April 13, 2015, by Emma Thorne

New research backs Nottingham claims Bard’s ‘lost’ play is genuine

A new study by a team of Texan academics has strongly suggested that a disputed play was indeed penned by William Shakespeare, backing previous research by a Nottingham professor published in 2010.

The original authorship of the 18-th century play Double Falsehood has long been debated and the new research by scholars at The University of Nottingham, published in the journal Psychological Science, has re-ignited the debate and made international headlines.

Their evidence, which used computer software to analyse the text of the play to draw comparisons to linguistic patterns and signatures in The Bard’s accepted published works, seems to give further credence to the findings of Nottingham’s Emeritus Professor Brean Hammond, who published the play five years ago in its fully annotated form claiming that he believed it to be the product of a collaboration between Shakespeare and another dramatist John Fletcher.

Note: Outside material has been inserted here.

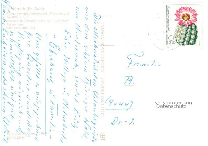 73866041 alte Postkarte Hinternah Bungalows des Ferienheims Friedrich List Parkanlage Blick vom Muehlberg postalisch gelaufen Erhaltung siehe scans [WerneD78] KatCode: 11110016069059

Professor Hammond has dedicated much of his academic career to researching the origins of the play, Double Falsehood, by an 18th century scholar, Lewis Theobald, who claimed it was a re-working of an original play by the Bard himself. Theobald’s claims that he had three original Shakespeare texts, now lost, had been largely dismissed. But Professor Hammond found what he believed to be credible evidence that indeed links Theobald’s play back to Shakespeare’s ‘lost play’, Cardenio; first performed in 1612.

In the Independent, Emeritus Professor Hammond hailed the Texans for having a more ‘objective view’ than some literary scholars but suggested that their research may still be viewed with suspicion by some because their work analysed words belonging to content categories which are arguably arbitrary.

In an interview with CNN on the play, he said: “I think the support from The University of Texas is marvellous, it is to be warmly welcomed. They have triumphantly vindicated the authorship hypothesis that I put forward in my edition of the play in 2010. I love them and I love their work.

“What I did and what the recent research from Texas has done is show that Shakespeare’s DNA, shall we put it that way, survives in that 18th-century play.”

Professor Hammond described the play as a ‘rattling good yarn’ which is plot driven and features madness and unrequited love. While it lacks the depth of plays like Macbeth and King Lear and disappoints on some levels, he says, it still delivers theatrically.